Going forward, EIM plans to capture ~15% of domestic HCV market by 2015, through differentiated offerings to meet latent market demand, and to offer a larger portfolio of cruise/leisure automobiles to Indian and other emerging markets. However, we have been very conservative in modelling EIM's market share at ~7% by 2015 as we believe that there will be stiff competition from both existing and new players going ahead. However, even at this market share, EIM would report a robust volume CAGR of 29% over CY11-15E.

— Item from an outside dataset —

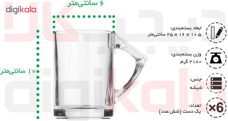 سایر توضیحات : - لیوان دسته‌دار - هر لیوان دارای قطر 6.5 سانتی‌متر و ارتفاع 10 سانتی‌متر - وزن هر لیوان 335 گرم

High barriers to entry; Indian HCV market a duopoly

CV industry is oligopolistic in nature, and is characterized by high barriers to entry - capital/technology intensive, needs large sales/service network, and long standing performance history (Brand). The Indian CV industry is a duopoly in most of the subsegments, with the exception of the LMD segment. Many players, including EIM, have failed in their attempt to pierce this duopoly during the past decade. But off late, EIM has been successful in capturing >4% of HCV market, on back of its JV with Volvo and significant investments in the business.

JV with Volvo - A win-win proposition for both

EIM entered into a JV with Volvo in 2008, joining hands to fructify its long-standing dream of entering the HCV market. Volvo, having a presence in over 140 countries is the 2nd largest heavy-duty truck manufacturer, globally. It brings a lot to the table for EIM, on back of its expertise in the HCV industry (>95% vehicles produced being >16T). And the association has already started bearing fruits, leading to a re-entry into the Indian HCV space with >4% market share

Outsourcing is another huge opportunity for VECV as Volvo plans to locate most of its production of medium duty engines to VECV's plant in Pithampur. VECV is already working on a new global medium-duty engine plant at Pithampur. The investment gives the Volvo Group a complete facility in India for processing and assembling the new medium-duty engine, which will be introduced in the Group's trucks and buses worldwide in the next few years. The investment in Pithampur will result in an annual production capacity of an additional 85,000 new medium duty base engines.

2W business - Thundering the roads

EIM has invested the last decade in developing engines for its 'Royal Enfield' bikes to meet customer/regulator demands. It has embarked on a major capex plan to increase capacity by 2x to 150k units/year, alongwith a provision to further expand to 350k units/year. We expect the company to sell >150k units in 2015, based on present demand and market potential. Also, EIM has entered into a JV with Polaris Industries to design, develop, and manufacture a new range of personal vehicles for India and other emerging markets. The JV is expected to invest a total of Rs.2.5bn over next three years, with production to start in 2015E

Valuation & View: BUY

We believe that there are sufficient triggers for medium term revenue/profitability visibility and they should support the current valuations. Also, its ability to forge new JVs to extend existing capabilities - Polaris Industries, augurs well for long term growth.

We expect consolidated earnings to grow at 21% CAGR over CY11-14E to Rs.201/share, mainly driven by i) 2W earnings growth of 25% CAGR CY11-14E ii) engine business revenue contribution of ~Rs. 900 Mn at 12% EBITDA in CY14E iii) CV business earnings growth of 18%, on back of better revenue mix in CV business - higher share of HCV. We arrive at a two year target price of 3620/share, based on CY14 P/E of 18x, an upside of 50% from current levels.